**SUPPLIED INFORMATION:**
- - - - - - -

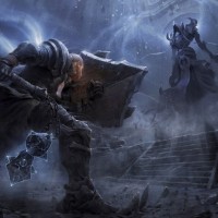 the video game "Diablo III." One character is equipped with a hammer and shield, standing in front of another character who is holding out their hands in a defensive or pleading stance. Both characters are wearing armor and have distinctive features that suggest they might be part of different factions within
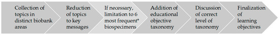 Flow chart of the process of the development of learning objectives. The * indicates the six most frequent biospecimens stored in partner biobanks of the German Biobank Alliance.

- - - - - - -

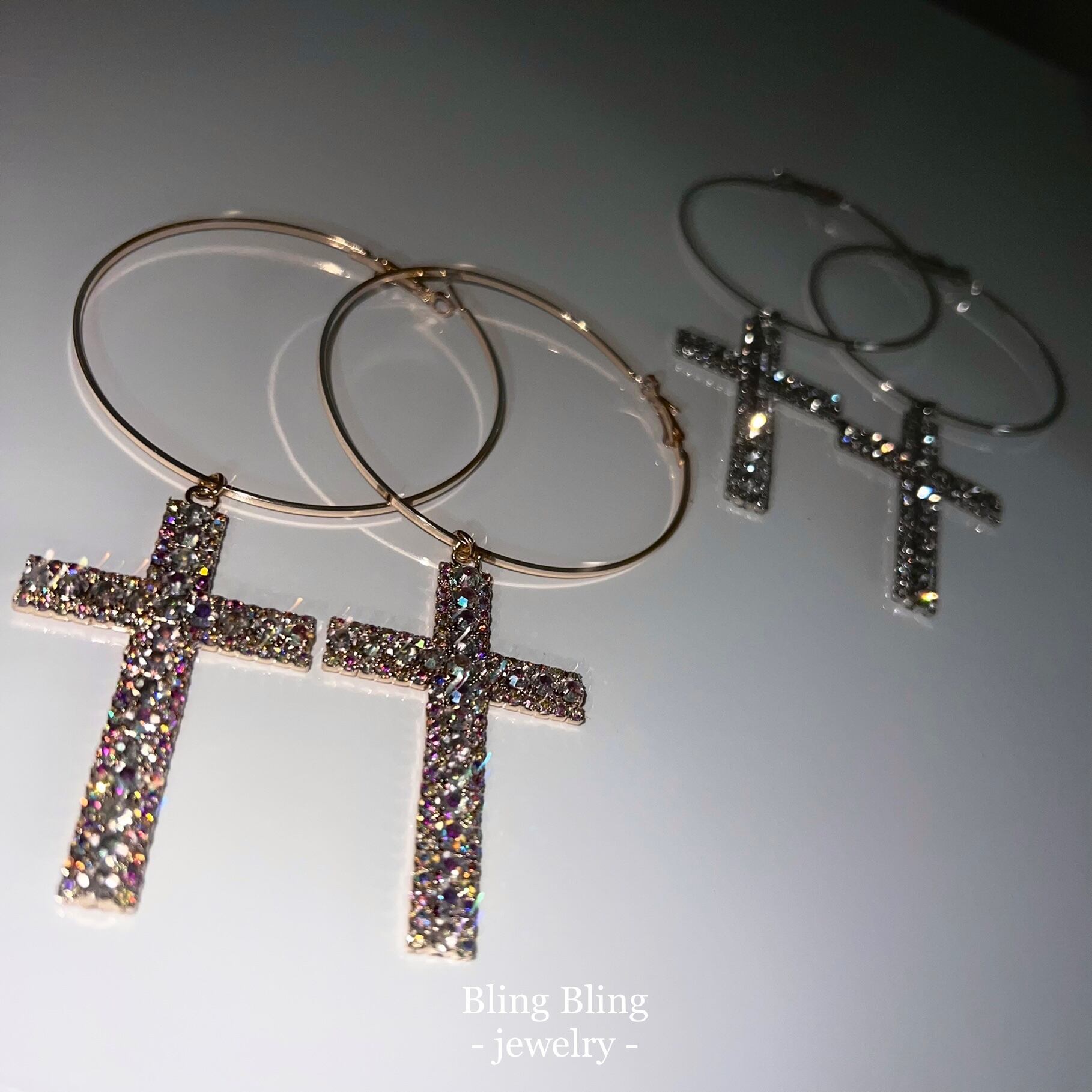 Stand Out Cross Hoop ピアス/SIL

- - - - - - -

**TASK STATEMENT:** What you write must match the listing exactly, from the line with "the video game" up to and including the line with "Flow chart of". Pictures stay out.

**SOLUTION TO THE PROBLEM:**
 the video game "Diablo III." One character is equipped with a hammer and shield, standing in front of another character who is holding out their hands in a defensive or pleading stance. Both characters are wearing armor and have distinctive features that suggest they might be part of different factions within
 Flow chart of the process of the development of learning objectives. The * indicates the six most frequent biospecimens stored in partner biobanks of the German Biobank Alliance.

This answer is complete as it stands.